Donald Trump, the presumptive U.S. Republican presidential nominee, acknowledges he is struggling to win vocal support from Republican officials, but Tuesday voiced little concern that he is badly trailing Democrat Hillary Clinton in fundraising for the November 8 national election.
"We have a party that – I mean, I'm having more difficulty frankly with some of the people in the party than I am with the Democrats. Because they just don't want to come on," Trump told NBC's Today show. "They will probably eventually come on. Honestly, if they don't, it's just fine. I can win it either way."
The billionaire real estate mogul and one-time television reality show host assessed his campaign in the hours after new reports showed his campaign had just $1.3 million on hand at the start of June, compared to Clinton's $42.5 million.
"Hillary Clinton will spend a billion dollars of Wall Street money and money from the Middle East," Trump told Fox News' “Fox & Friends” show. "I can go a different route; I can just spend my own money." He was referring to the largely self-funded campaign he ran in surging past 16 other Republican candidates to become the party's likely nominee at its national convention next month.
Trump said, "I've raised a lot of money, but you also have to have some help from the party."

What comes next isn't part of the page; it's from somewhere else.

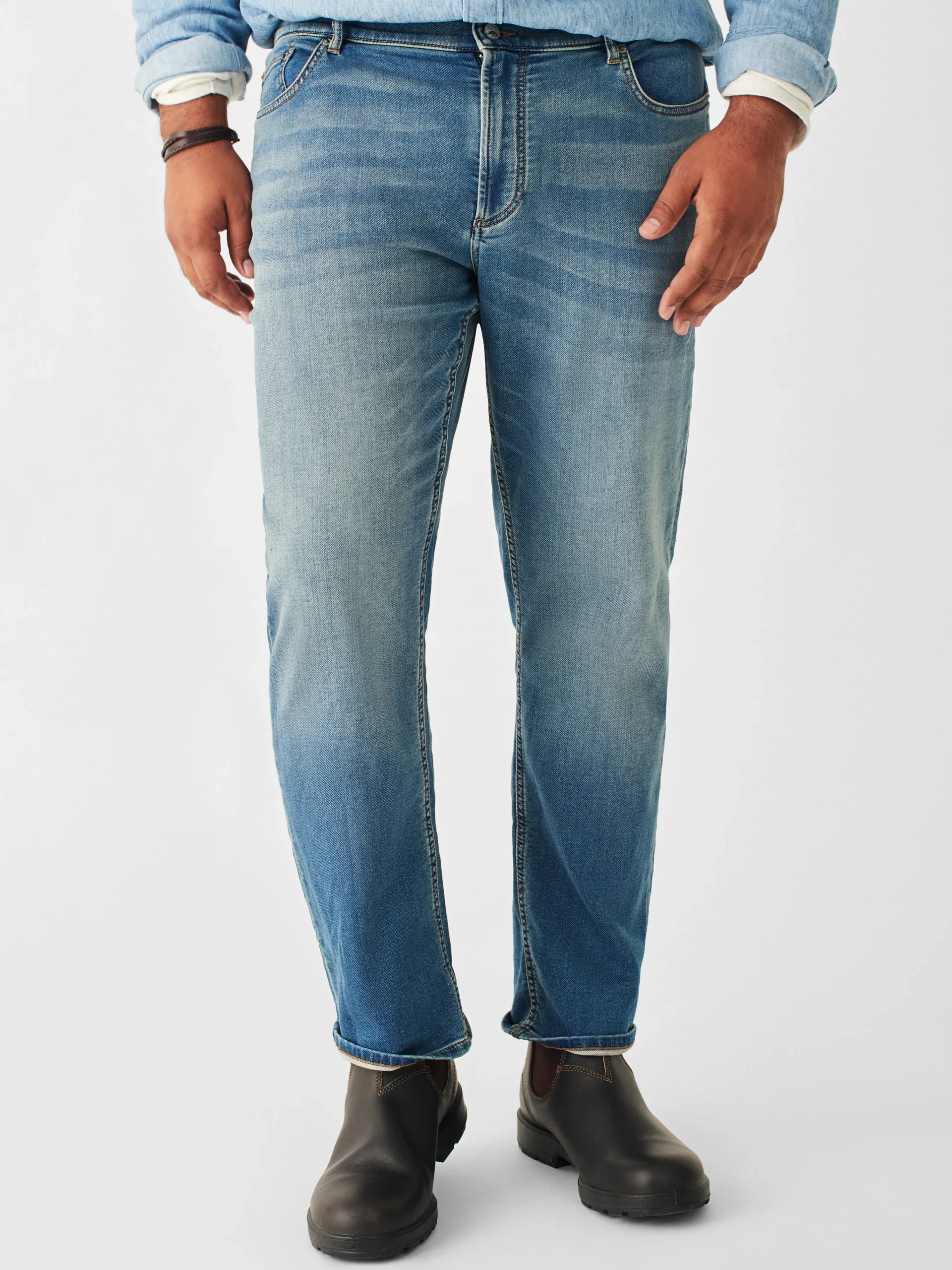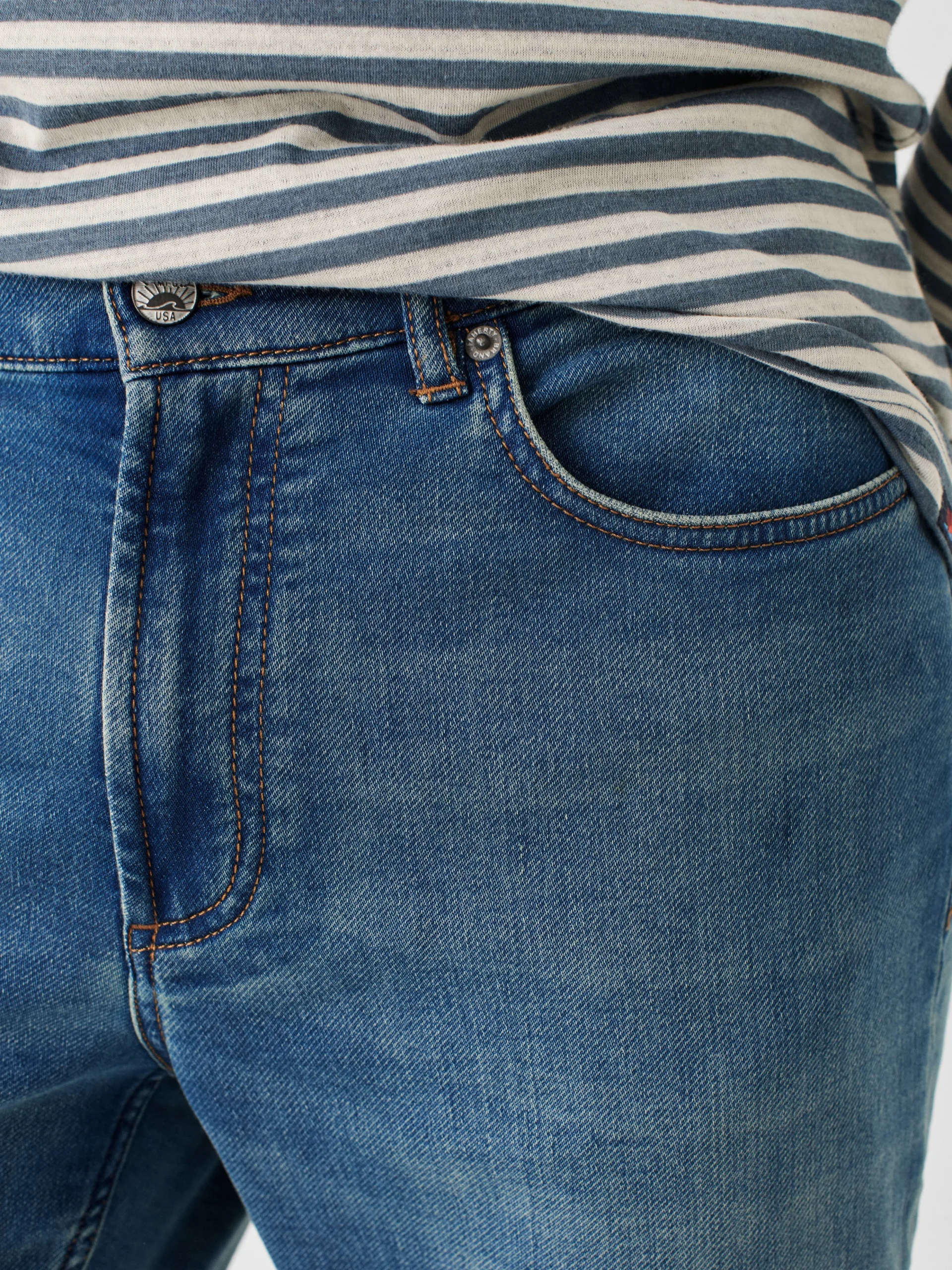 Our beloved Stretch Terry 5-Pocket now done in an indigo wash for the classic denim look. Woven with a thick knit structure, they’re stretchy and comfortable and completely versatile. The proprietary fabric dreamed up by Mike, our Co-founder and Chief Creative Officer lives up to all the hype. We recommend ordering your true size. Like new denim, they might feel a bit snug right out of the box but trust the process. Your natural movements will make them relax and conform to your unique shape.
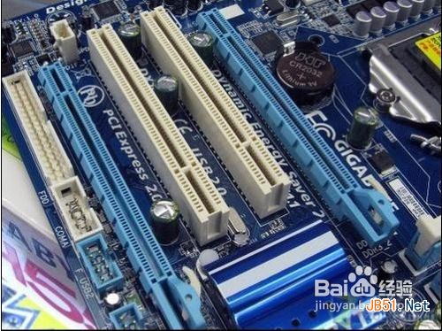 2、蓝色的两根长的,都是PCIE插槽,插显卡的,中间的白色的2个,是PCI插槽,插声卡等东西的,PCIE插槽是最近几年主板普及的,金手指栏在左边。

Top Republican officials, including key lawmakers in Congress, have been slow to embrace Trump's candidacy. They say they plan to vote for him even as they attack his call for a temporary ban on Muslims entering the United States in an effort to stop a new terrorist attack, the deportation of 11 million illegal immigrants living in the country, and construction of a wall along the U.S.-Mexico border to halt more immigrants from illegally entering the United States.
Some Republicans, including 2012 presidential nominee Mitt Romney, have rejected Trump's candidacy, rebuking his comments as insults against Muslims, Mexicans, women and the disabled.
Trump campaign reboot?
With his fundraising lagging and a collection of national political surveys showing Clinton, a former U.S. secretary of state, with an average of a 5.8-percentage point lead, Trump on Monday fired his campaign manager, Corey Lewandowski.
One longtime U.S. political scientist, Alan Abramowitz of Emory University in Atlanta, told VOA that Trump is running "the most inept presidential campaign that I can remember." Abramowitz cited what he said are Trump's "lack of focus, lack of strategy, disorganization."
"This is a guy who's never run for office before," Abramowitz said, "but he shows no interest in learning about subjects he knows little about. He's running against a politically vulnerable Democratic candidate, but he has to stop the insults and name-calling."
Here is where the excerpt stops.